(REQUIRED ACTION): The lines below, from the one containing "一份流传在各个社群之间的刘畊宏商务报价显示,刘畊宏冠名费用已经达到500万元。" through the one containing "灿烂的水仙花中,却有莲花格外", should be set down exactly, with no pictures and nothing else.

(RECORDS TO PROCESS):
*** Block opens ***
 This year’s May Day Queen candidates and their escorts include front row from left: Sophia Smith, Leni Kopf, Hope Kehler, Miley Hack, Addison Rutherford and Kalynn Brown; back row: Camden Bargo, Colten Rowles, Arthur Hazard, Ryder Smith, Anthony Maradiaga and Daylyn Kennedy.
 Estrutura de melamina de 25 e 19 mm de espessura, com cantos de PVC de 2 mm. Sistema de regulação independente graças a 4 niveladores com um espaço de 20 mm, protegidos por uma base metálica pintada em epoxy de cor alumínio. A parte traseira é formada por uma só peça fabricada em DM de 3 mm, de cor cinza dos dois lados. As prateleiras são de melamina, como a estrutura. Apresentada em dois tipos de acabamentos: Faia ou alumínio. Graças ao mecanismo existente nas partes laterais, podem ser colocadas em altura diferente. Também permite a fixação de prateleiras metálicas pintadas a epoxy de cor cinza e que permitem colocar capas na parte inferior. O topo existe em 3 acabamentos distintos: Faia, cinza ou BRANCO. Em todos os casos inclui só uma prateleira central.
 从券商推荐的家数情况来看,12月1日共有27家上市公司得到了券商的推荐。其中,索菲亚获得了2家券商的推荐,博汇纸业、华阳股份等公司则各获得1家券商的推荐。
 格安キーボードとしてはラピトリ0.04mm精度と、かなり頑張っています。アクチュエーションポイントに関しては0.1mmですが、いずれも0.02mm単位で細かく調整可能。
*** Block closes ***
*** Block opens ***
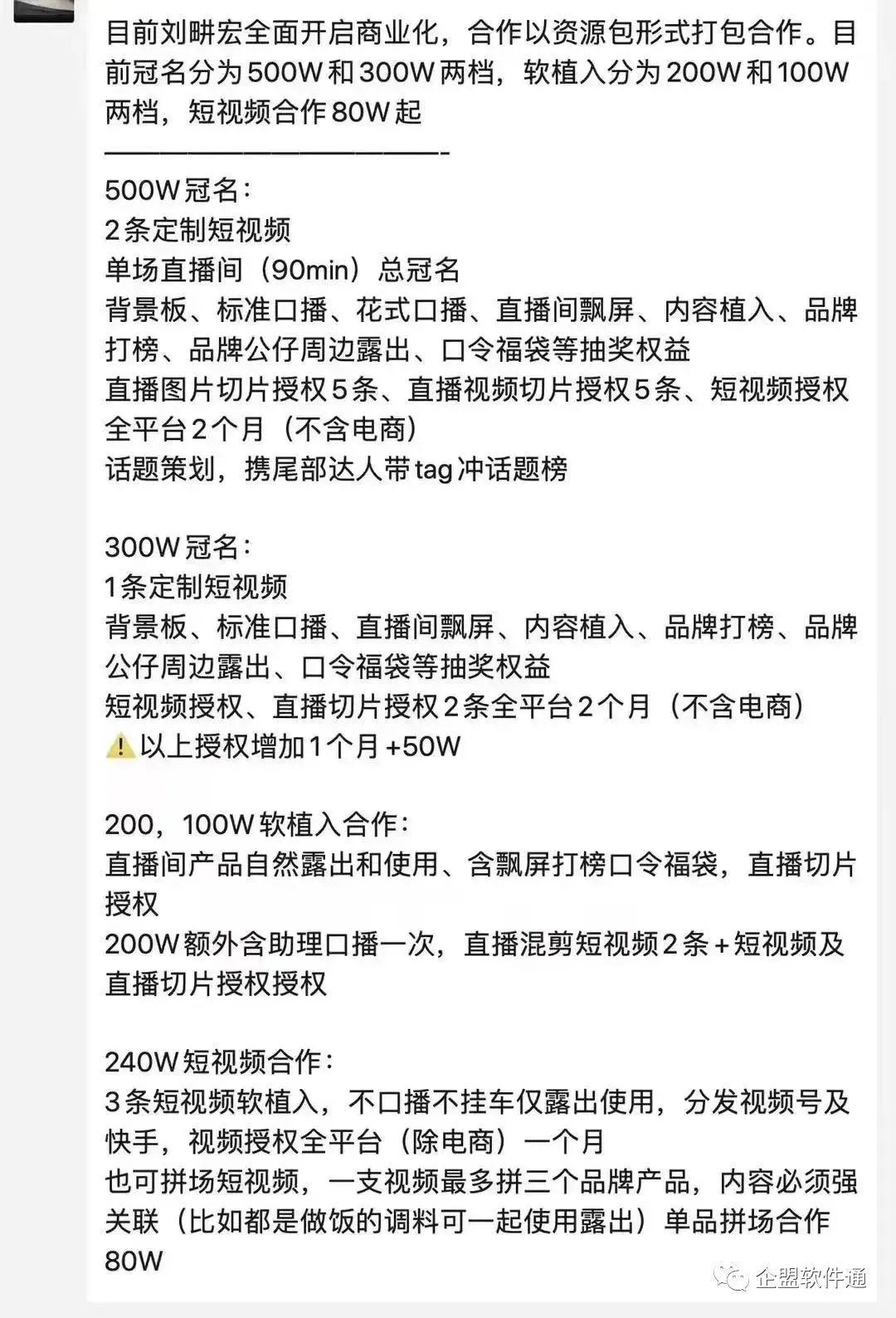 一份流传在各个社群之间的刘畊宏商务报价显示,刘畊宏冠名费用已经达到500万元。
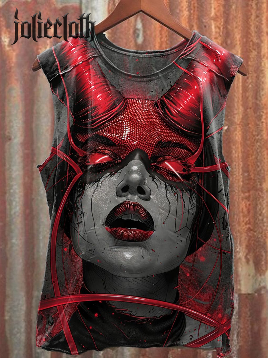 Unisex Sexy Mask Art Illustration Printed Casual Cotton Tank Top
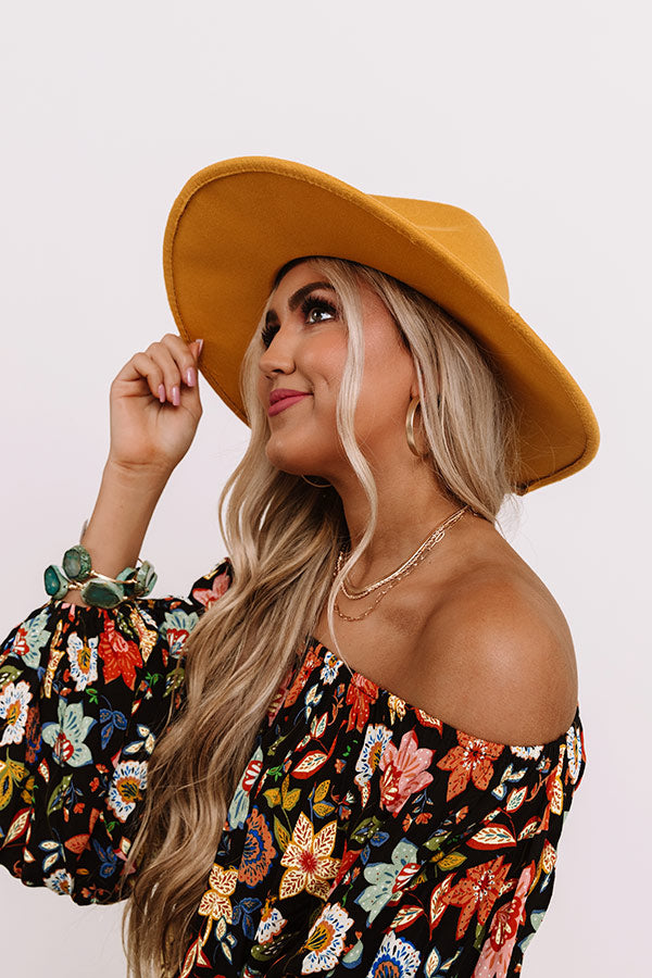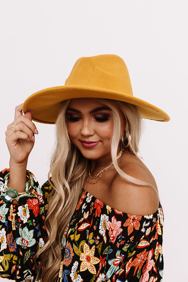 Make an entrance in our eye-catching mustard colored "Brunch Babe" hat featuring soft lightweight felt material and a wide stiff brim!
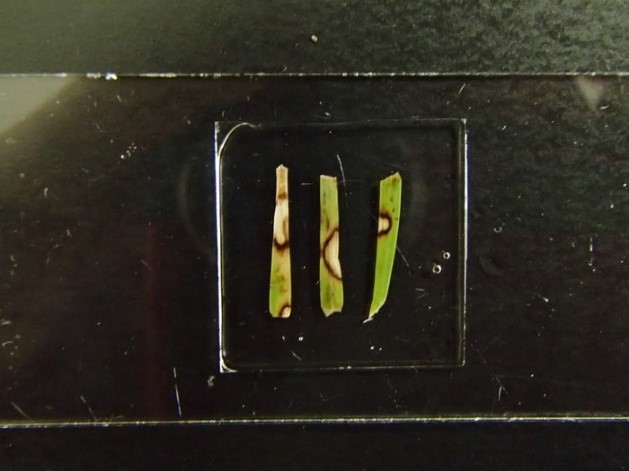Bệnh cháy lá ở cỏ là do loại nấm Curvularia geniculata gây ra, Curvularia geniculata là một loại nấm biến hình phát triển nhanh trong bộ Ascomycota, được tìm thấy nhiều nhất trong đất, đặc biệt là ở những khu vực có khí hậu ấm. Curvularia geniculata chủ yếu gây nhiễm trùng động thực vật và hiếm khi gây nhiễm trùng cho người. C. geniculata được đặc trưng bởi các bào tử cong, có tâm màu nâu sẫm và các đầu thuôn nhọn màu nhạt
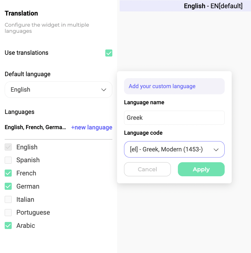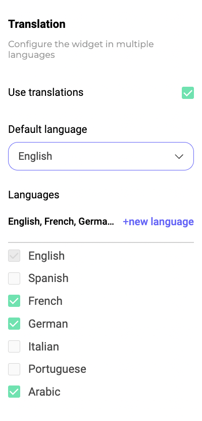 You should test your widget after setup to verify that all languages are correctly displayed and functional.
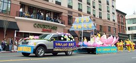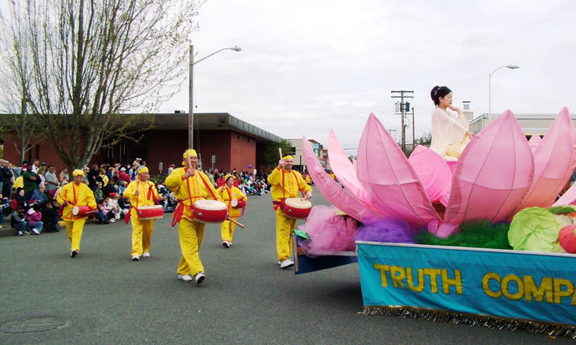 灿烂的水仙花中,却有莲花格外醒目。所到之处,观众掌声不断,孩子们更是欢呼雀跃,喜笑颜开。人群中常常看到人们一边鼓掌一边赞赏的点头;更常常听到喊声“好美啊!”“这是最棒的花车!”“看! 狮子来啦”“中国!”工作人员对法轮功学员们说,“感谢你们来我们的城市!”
*** Block closes ***
(ANSWER BOX):
 一份流传在各个社群之间的刘畊宏商务报价显示,刘畊宏冠名费用已经达到500万元。
 Unisex Sexy Mask Art Illustration Printed Casual Cotton Tank Top
 Make an entrance in our eye-catching mustard colored "Brunch Babe" hat featuring soft lightweight felt material and a wide stiff brim!
Bệnh cháy lá ở cỏ là do loại nấm Curvularia geniculata gây ra, Curvularia geniculata là một loại nấm biến hình phát triển nhanh trong bộ Ascomycota, được tìm thấy nhiều nhất trong đất, đặc biệt là ở những khu vực có khí hậu ấm. Curvularia geniculata chủ yếu gây nhiễm trùng động thực vật và hiếm khi gây nhiễm trùng cho người. C. geniculata được đặc trưng bởi các bào tử cong, có tâm màu nâu sẫm và các đầu thuôn nhọn màu nhạt
 You should test your widget after setup to verify that all languages are correctly displayed and functional.
 灿烂的水仙花中,却有莲花格外醒目。所到之处,观众掌声不断,孩子们更是欢呼雀跃,喜笑颜开。人群中常常看到人们一边鼓掌一边赞赏的点头;更常常听到喊声“好美啊!”“这是最棒的花车!”“看! 狮子来啦”“中国!”工作人员对法轮功学员们说,“感谢你们来我们的城市!”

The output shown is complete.